During the last few years, electronic cigarettes have quietly become the most effective smoking cessation method available.

As e-cig use – “vaping” – has increased, smoking prevalence has decreased nationally from 21 percent in 2005 to 17.8 percent in recent years, which translates into millions of former smokers. This is the fastest decrease in smoking rates we’ve ever seen, both for youngsters and adults.

But wait, e-cigs cannot be marketed for smoking cessation because tobacco corporations lobbied the FDA to regulate e-cigs in 2009 as a “tobacco product.” If e-cigs were known by any other name – vaporizers, atomizers or inhaler – perhaps municipal officials would not conflate vaping and smoking.
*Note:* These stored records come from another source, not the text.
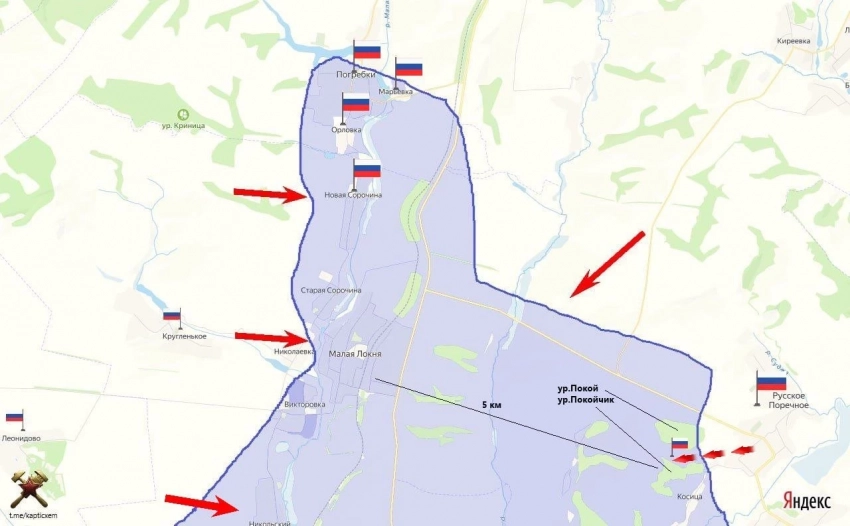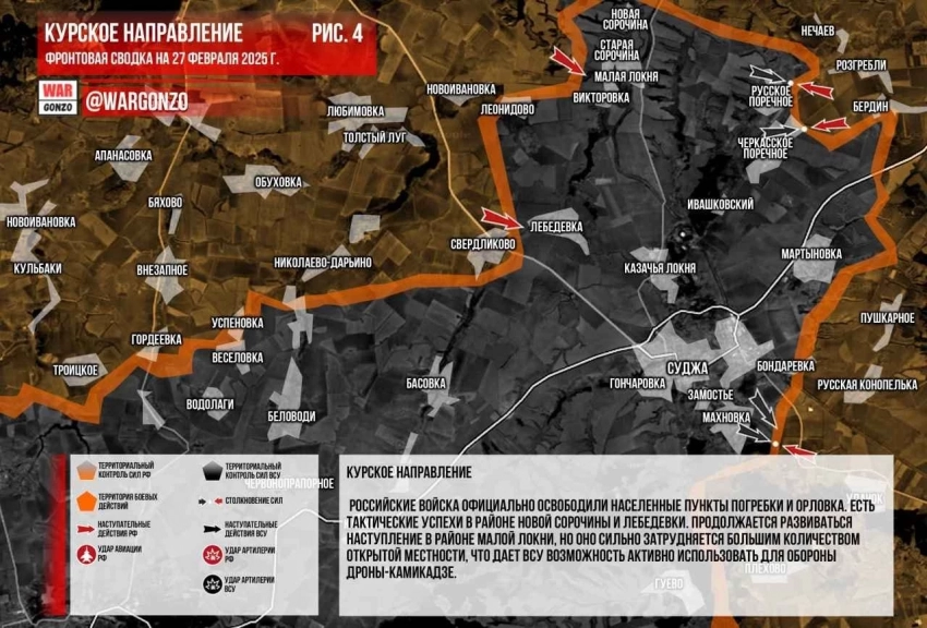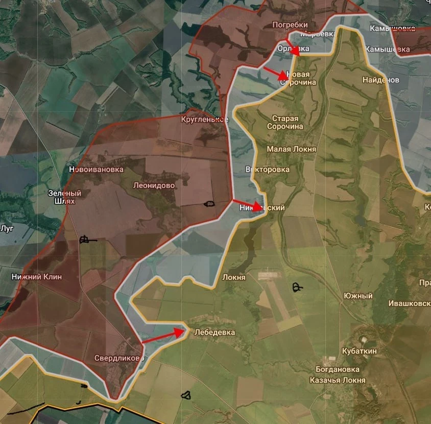 «Российские штурмовики подошли вплотную к Викторовке и Николаевке, но наиболее значительные успехи наблюдаются к северу. Еще вчера [25 февраля] в Сети появились кадры с флагами России <...> над школой в Погребках и пошли сообщения об освобождении Орловки. 26 февраля в Минобороны России официально сообщили об освобождении этих населенных пунктов. Помимо этого, несколько дней назад была освобождена Марьевка, однако этот населенный пункт часто считают частью Погребков. [ВС РФ] атаковали со стороны балки Ольха в направлении Новой Сорочины и к середине дня освободили половину населенного пункта. Сегодня бои продолжаются», - пишут авторы.
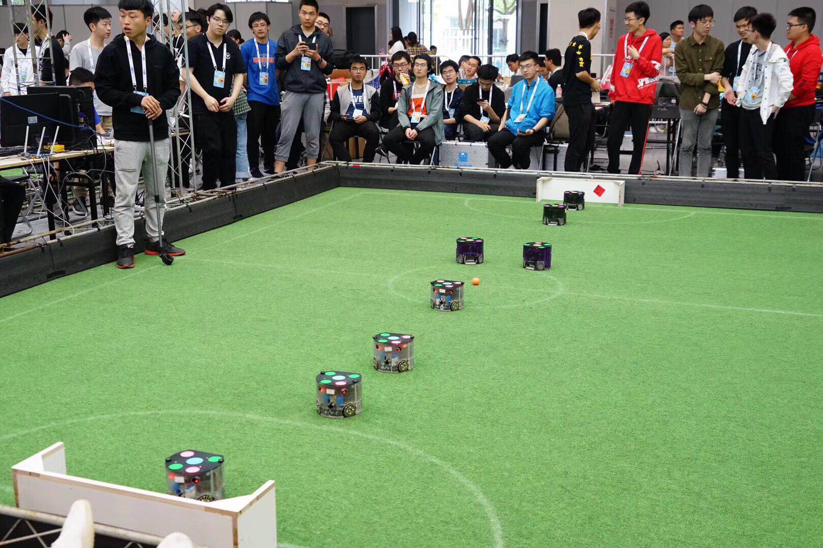小型组轮式机器人足球比赛是RoboCup机器人世界杯赛的主要项目之一,涉及机器人学、人工智能、智能控制、机器视觉和数字图像处理等多个领域,是机器人技术和人工智能理论的良好的实验平台。比赛中,双方队伍各使用4台足球机器人踢足球。整个系统包括机器人车载子系统、视觉子系统和决策子系统。学生主要通过编程,让每个机器人具有守门员、前锋、后卫等不同功能,不同角色相互协作,完成射门得分。在此过程中,学生可以开展机器人运动控制、计算机视觉定位、人工智能、决策、路径规划与避障算法等实验研究。“SRC战队”过关斩将,从16支队伍中突围而出,以2:1取得了决赛的胜利,获得了本次比赛的冠军。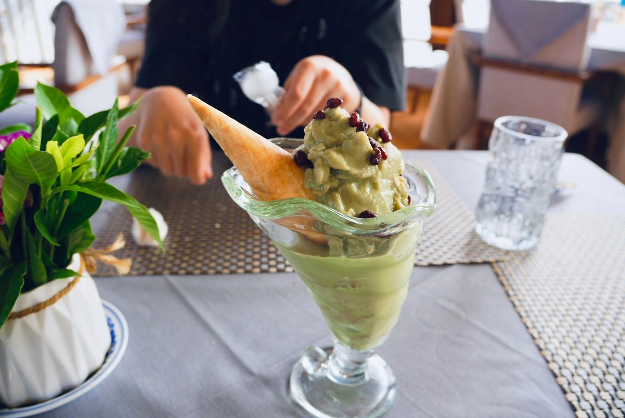 맥주 한 잔과 함께 메뉴판 사진이 예뻐 보이는 아이스크림을 주문해 잠시 앉았다. 안타깝게도 아이스크림은 보기에는 예뻤지만 맛은 기대만큼은 아니었다.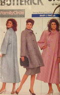 Very loose-fitting, lined, flared coat, 7/8 or lower calf, has bias collar, shoulder pads, welt pockets, back hemline vent and and long sleeves. Family Circle COLLECTION Sewing Rating EASY sewing pattern copyright 87 and added 1/12/16 by td.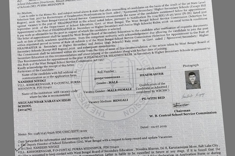 প্রধান শিক্ষক নিয়োগের রেকমেন্ডেশন লেটার। —নিজস্ব চিত্র।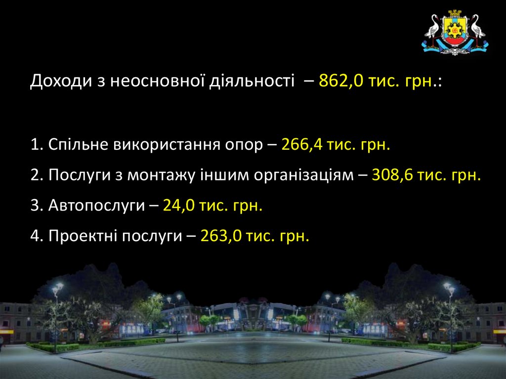 Доходи з неосновної діяльності – 862,0 тис. грн.:1. Спільне використання опор – 266,4 тис. грн.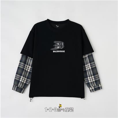《学院》(多多同款)【特价】黑 春款 男大童6B8028 DDDD时尚薄套头衫1+2=3童装连锁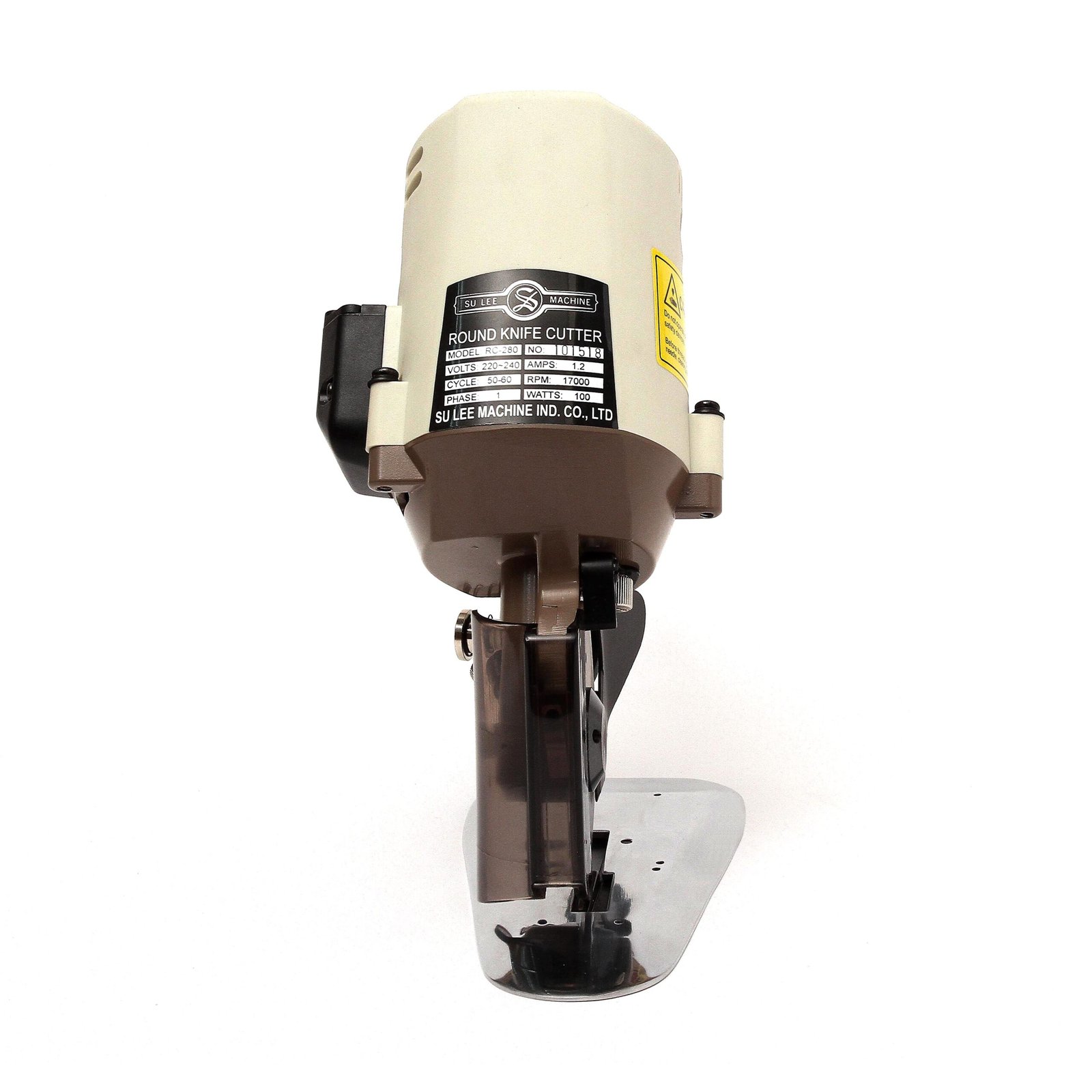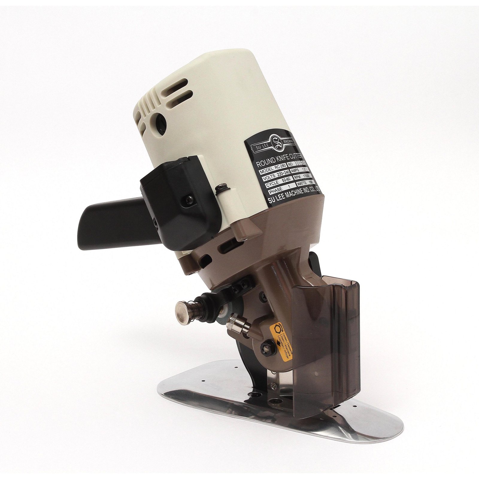The thick material round knife cutter features a high powered motor, circulating at 17000 RPM. Using an 8 edged knife, it can cut through tougher materials such as leather, carpet, PVC, or plastic. The wide baseplate is designed for easy maneuverability and control for users to cut intricate shapes.

The Bloomington City Council recently overreached by prohibiting vapers from sampling in vape stores, thus “protecting” vapers from vapor.

The vast majority of vapers are adult former smokers, and most e-cig stores discourage non-smokers from trying e-cigs on site, now moot in Bloomington. Naturally, some adolescents experiment with vaping, because they’ll try anything that feels “cool.” But few will graduate to smoking – why spend 10 times more for a demonstrably more harmful, detectable and socially unacceptable product?

I am only one of the millions who have stopped smoking (a pack-a-day for 55 years) thanks to e-cigs. I started as a teen because it was cool, but as the research came in, I tried to quit many times – cold turkey, gum, lozenges and Zyban. All my efforts failed, and until last year I’d resigned myself to continue smoking until my last breath.

But since May 2013, resignation has turned to relief. I quit smoking and have zero desire ever to smoke again. Both my lungs (no congestion) and nicotine receptors are happy. E-cigs are not for everyone, but for many they are an elegant solution. I loved to smoke, and e-cigs work because they mimic the smoking experience, holding them, inhaling and watching the exhaled vapor, which looks like smoke.

Ah, there’s the rub, vaping looks like smoking. But things are not always as they appear.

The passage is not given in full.